どんなに突然のことがあっても、見知った人たちを誰呼ばわりなんてしない。でも、口ぶりからすると、国広君はそう言われたんだろう。その言葉はもう、決定的ではなかろうか。
『一体どのような記憶喪失なのかはわからない。静乃は目が覚めてからすぐ錯乱して過呼吸になって、それきり。俺らは静乃の容態が落ち着くまで待機ってこと。どの程度のものなのかはそれからだな。・・・ほんと、どうしてこうなったんだろうな。』
「・・・わかった。いきなり聞いて悪かったな。じゃ、また。」
そう言って朱鳥は会話を終えた。
カトルはあっけに取られ、私は呆然としていた。カトルにとってはあまり親しい人ではないかもしれないが、私にとっては大切な友達。リアルでもネットでも深い繋がりのあった彼女が記憶喪失ときたものだ。これを絶望と言わずして何と言うだろうか。

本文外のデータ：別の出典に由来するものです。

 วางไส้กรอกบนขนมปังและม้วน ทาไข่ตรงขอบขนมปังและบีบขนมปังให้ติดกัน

朱鳥は深いため息をついて腰を下ろし、それから何も言わずに黙々と作業に戻った。鹿夫もめっきり口数が減った。キドは・・・うつむいていて、表情がうかがえなかった。程なくすると彼は活動時間ないにもかかわらず帰宅した。なんでも今日は予定が入っていたらしい。私は初耳だったけど。・・・多分、一人になりたかったんじゃないか。好きな相手が自分のことを忘れてしまったのなら、これほど悲劇的なことはない。ゼロから関係スタートなのだから。
ふと、私はこの原因について考えていた。
記憶喪失が突発的に起こるなんて聞いたことがない。何か原因があるはずだ。
創作の世界では、強い衝撃を頭に与えると記憶喪失になることが多い。けれど、今回はそういったわけではない。トラブっていた時に刹那から断片的に情報を集めると、少なくとも、頭を強く打ったというわけではなさそうだ。最初は寝ていたが、途中から気を失った。睡眠から失神へと移行したということになる。いったいなぜ?どのようにして?

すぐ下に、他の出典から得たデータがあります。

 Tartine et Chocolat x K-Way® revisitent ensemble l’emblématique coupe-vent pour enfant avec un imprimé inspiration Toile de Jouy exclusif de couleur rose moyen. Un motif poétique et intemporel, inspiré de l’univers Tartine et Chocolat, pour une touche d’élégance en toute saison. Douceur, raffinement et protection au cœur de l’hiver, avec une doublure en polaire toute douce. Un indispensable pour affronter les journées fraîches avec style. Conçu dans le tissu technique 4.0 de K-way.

少なくとも、情報がなさすぎるし、これがすべてなら、超常現象でも起こらない限り記憶をいじくるなんて・・・・・・
――――――――――いや、すくなくとも、私はあまりに現実離れした出来事を経験している。
国広君のもってるあのしゃべるねんどろいど・・・そして、そのしゃべるねんどろいどが現れるのと同時期転校してきた怜さん。
彼らがもし“記憶を操作する代物をもっているとしたら”―――――――――――聞く価値はありそうね。